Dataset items
● ● ● ● ●

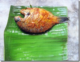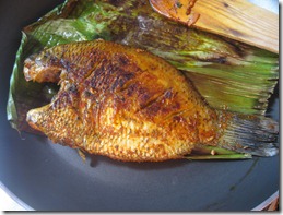 3. Heat a banana leaf over low flame for a few seconds, so that it will be pliable and won’t tear while wrapping the fish. Grease it. Wrap the masala coated fish in the greased banana leaf and tie with a banana string tightly like a parcel so that steam wont escape. Here is a video that shows how to wrap it in a banana leaf. Cook the fish in a hot pan, about 15 minutes, flipping to the other side in between at medium heat. Serve hot with rice.
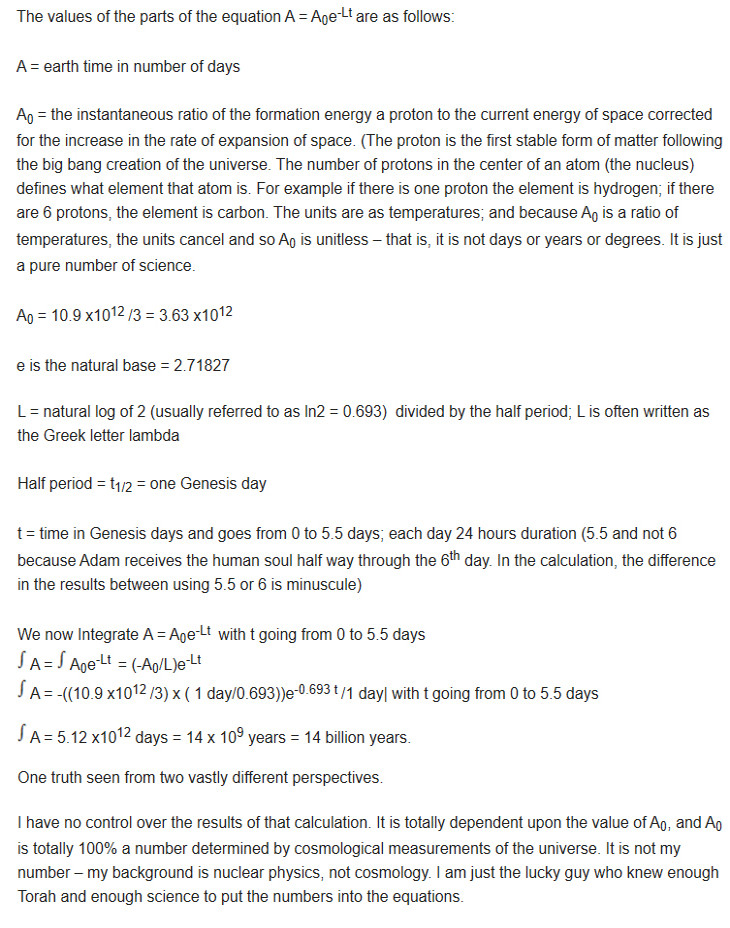 The fun part of the calculations comes when the equation is evaluated day by day and we can compare the claims of the Bible for each Genesis day with the discoveries in science for those days.
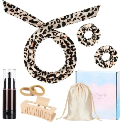 Heatless Curlers Headband, Soft Velour Curls, Overnight Hair Curling Set, No Heat for Short & Long (Leopard, 7Pcs)
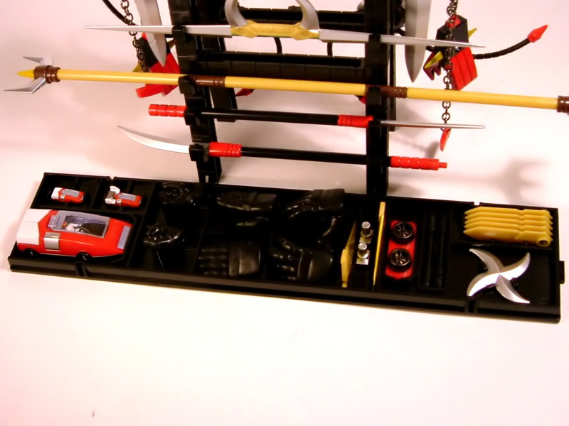 - Un astuccio in cartoncino contenente la base espositiva del Trancer e i componenti per assemblare l'espositore delle armi del robot.
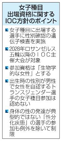 IOCは男性の方がランニングや競泳で10~12%、投てきや跳躍種目で20%超の身体的優位性を持つとのデータを提示。女子種目の参加資格は「生物...
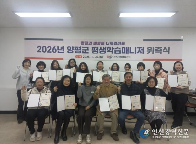 [인천광역신문] 박진 기자 | 양평군은 26일 평생학습센터에서 ‘2026년 양평군 평생학습매니저 위촉식’을 성황리에 개최했다.
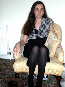 • Today’s dress was brought for me by the boy as a cheer up treat yesterday.  It is some unusual make but it was from British Heart Foundation and was only £3.99.  I wore it with my checker tights and some huge heels to give me a bit of a boost.  I am not usually a fan of purple but according to the boy it suits my hair colour.  My baby brother took the photos for me before having to head out to see his lovely lady.  He is a big fan of strange angles which he creates by spinning the camera around and randomly taking the photos when I am least expecting it.
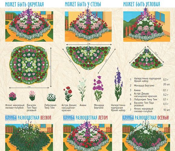 Для каждого лето — свое, совершенно особенное, и сад у каждого уникальный и не похожий на другие. Нашу разноцветную клумбу вы можете посадить в углу, у стены дома или в центральной части участка. А мы подскажем вам как. Выбирайте расположение и следуйте схемам посадки.

● ● ● ● ●

WHAT THIS TASK INVOLVES
Please repeat all of the entries above word for word, but drop any pictures.

SOLUTION TO THE EXERCISE
 3. Heat a banana leaf over low flame for a few seconds, so that it will be pliable and won’t tear while wrapping the fish. Grease it. Wrap the masala coated fish in the greased banana leaf and tie with a banana string tightly like a parcel so that steam wont escape. Here is a video that shows how to wrap it in a banana leaf. Cook the fish in a hot pan, about 15 minutes, flipping to the other side in between at medium heat. Serve hot with rice.
 The fun part of the calculations comes when the equation is evaluated day by day and we can compare the claims of the Bible for each Genesis day with the discoveries in science for those days.
 Heatless Curlers Headband, Soft Velour Curls, Overnight Hair Curling Set, No Heat for Short & Long (Leopard, 7Pcs)
 - Un astuccio in cartoncino contenente la base espositiva del Trancer e i componenti per assemblare l'espositore delle armi del robot.
 IOCは男性の方がランニングや競泳で10~12%、投てきや跳躍種目で20%超の身体的優位性を持つとのデータを提示。女子種目の参加資格は「生物...
 [인천광역신문] 박진 기자 | 양평군은 26일 평생학습센터에서 ‘2026년 양평군 평생학습매니저 위촉식’을 성황리에 개최했다.
 • Today’s dress was brought for me by the boy as a cheer up treat yesterday.  It is some unusual make but it was from British Heart Foundation and was only £3.99.  I wore it with my checker tights and some huge heels to give me a bit of a boost.  I am not usually a fan of purple but according to the boy it suits my hair colour.  My baby brother took the photos for me before having to head out to see his lovely lady.  He is a big fan of strange angles which he creates by spinning the camera around and randomly taking the photos when I am least expecting it.
 Для каждого лето — свое, совершенно особенное, и сад у каждого уникальный и не похожий на другие. Нашу разноцветную клумбу вы можете посадить в углу, у стены дома или в центральной части участка. А мы подскажем вам как. Выбирайте расположение и следуйте схемам посадки.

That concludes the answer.